Isaac Newton identified three physical laws that have been influencing man, the earth, and the universe from the beginning of time. They are simple.

### Inertia

The law of inertia says that an object continues in its state of rest or continues in uniform motion in a straight line until it is acted upon by an outside force. Something at rest will tend to stay at rest. Something in motion will tend to stay in motion.

Put a 3 x 5 card over the top of a glass or cup. Put a penny in the center of the card. Snap the card with your finger. What happens to the penny? This demonstrates inertia of an object at rest.

Travel in a boat, four wheeler, or snowmachine at a constant speed.

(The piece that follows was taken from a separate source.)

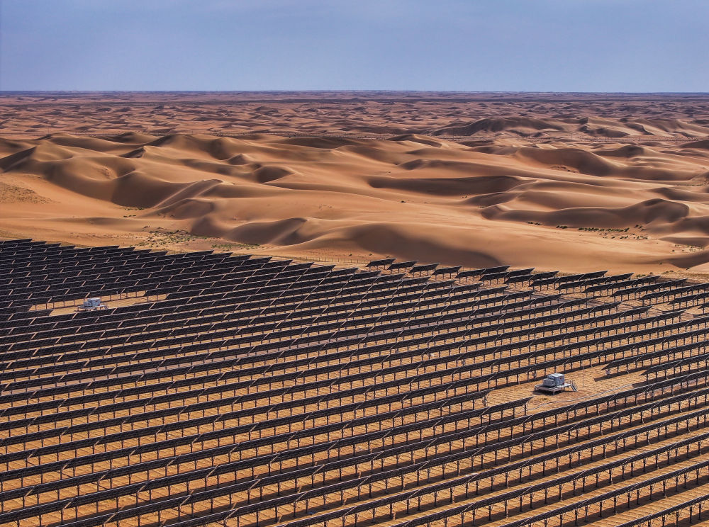 ??這是2025年6月5日拍攝的位于內蒙古巴彥淖爾市磴口縣的烏蘭布和東北部新能源基地100萬千瓦光伏先導工程項目(無人機照片)。該項目地處烏蘭布和沙漠。新華社記者 連振 攝

Throttle down or put on the brakes. Why does your body go forward when the machine slows down? This demonstrates that a object in motion (your body) will stay in motion until acted upon by an outside force.

Centrifugal force

You notice that the law of inertia says that an object continues in uniform motion in a straight line. When an object is spun around, like a model airplane on a string, it has a tendency to go in a straight line, pulling against the string. The force of an object to fly away from the center when spun in a circle is called centrifugal force. Centrifugal means “fly away from center.”

### F = MA

The second law that Newton described was F = MA.

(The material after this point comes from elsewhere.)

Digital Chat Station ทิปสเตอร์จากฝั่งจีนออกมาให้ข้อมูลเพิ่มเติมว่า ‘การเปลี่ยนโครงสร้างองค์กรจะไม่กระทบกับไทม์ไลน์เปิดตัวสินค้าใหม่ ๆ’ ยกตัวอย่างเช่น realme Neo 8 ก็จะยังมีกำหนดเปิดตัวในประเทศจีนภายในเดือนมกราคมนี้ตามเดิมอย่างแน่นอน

Force = Mass x Acceleration.

If an object is accelerated or decelerated, the force causing that change can be measured by multiplying the mass times the rate of acceleration or deceleration.

We deal with forces all day, every day. You travel thirty miles per hour on a four wheeler. You stop. Are you hurt? That depends on the rate of deceleration. If you stop in ten seconds you are not hurt. If you stop instantly when the four wheeler hits a tree, you very well might be.

For a planing boat, there is a critical point where the rate water is pushed away is high enough that the water seems to become “solid” and the boat gets “on step”, that is, on top of the water rather than plowing through it.

Mass vs Weight

The mass of something and the weight are different. The mass of something refers to how much matter is in the object. It has just as much mass in outer space as it does on earth. The weight refers to how much gravity is pulling on something. An object could weigh ten pounds here on earth, weigh nothing in outer space, yet the mass would be the same in both places.

As simple scientists here on earth, we often inaccurately refer to them as the same.

Acceleration

Acceleration is defined as distance (feet) per second squared.

ft/seconds2

Herein is one of the most important concepts in all science. With many forces, as one variable is increased, the result increases in the same proportion. With equations that involve acceleration, the result is squared. When a variable is increased, the result is squared or reduced by the square.

Let’s look at an example. An object with a mass of ten is at rest. It is accelerated to ten feet per second.

In one case, it is accelerated to that speed in four seconds.

In another case it is accelerated in twice that time, eight seconds.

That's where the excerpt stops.